Increased oxidative stress and inflammation, both of which are risk factors for COVID-19 and other respiratory disorders, are known to be caused by AGEs. According to Bowen Wang, the first author and a doctoral student in Vashishth’s lab, the same longitudinal glycemic control measurement they were testing as a predictor of bone fracture risk might be useful in predicting the severity of COVID-19.

Wang divided type 2 diabetic patients’ records into two groups: those with ‘adequate’ longitudinal glycemic control of 6 to 9%, and those with ‘poor’ glycemic control of 9 percent or higher over two to three years.

Those with poor glycemic control were 48 percent more likely to require treatment in an intensive care unit, according to his analysis of the two groups. A 1% increase in longitudinal HbA1c is directly connected with a 12% increase in the probability of landing in the ICU, according to another measure.

Other statistically significant data revealed that diabetics on metformin when they contract COVID-19 have a 12% reduced risk of attending the ICU, those on metformin and insulin have an 18% lower risk, and those on corticosteroids have a 29% lower risk of visiting the ICU.

“People knew that diabetes was a risk factor for COVID-19-related outcomes, but not all diabetic patients are the same.

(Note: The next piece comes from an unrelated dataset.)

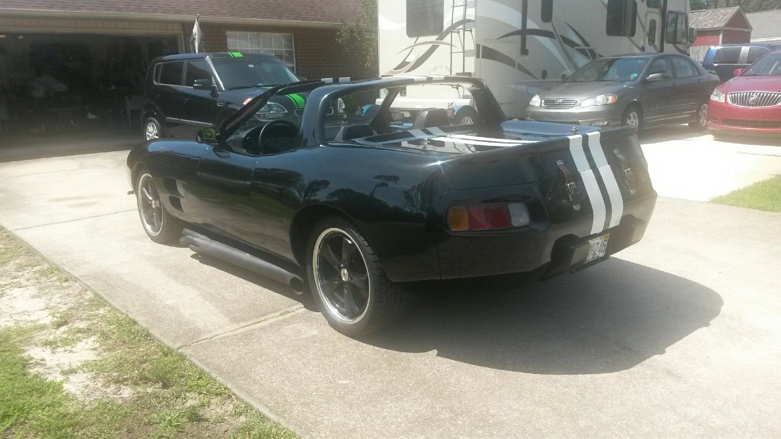 I searched quite a bit to try to find out more about this car, whom some compare to a Viper, others to an overgrown Miata and some to an E-Type Jaguar (those are E-Type bumpers, aren’t they?) but I was unsuccessful. This posting and follow up on a Porsche 928 message board seem to have the most information (also note that the car was priced at $22,000 at that point) and call some of the 928 information into question. I’ll tell you this, with only three supposedly produced, you won’t run into yourself very often in your travels!

Some people have a longer history of diabetes, some have more severe diabetes, and that has to be accounted for,” said Wang.

“What this study does is to better stratify the level of diabetes within the population, so diabetic patients aren’t treated as a single population without any differences among them.”

Benjamin S. Glicksberg and Girish N. Nadkarni of Mount Sinai’s Icahn School of Medicine collaborated with Vashishth and Wang on the study. The National Institutes of Health provided funding for their research.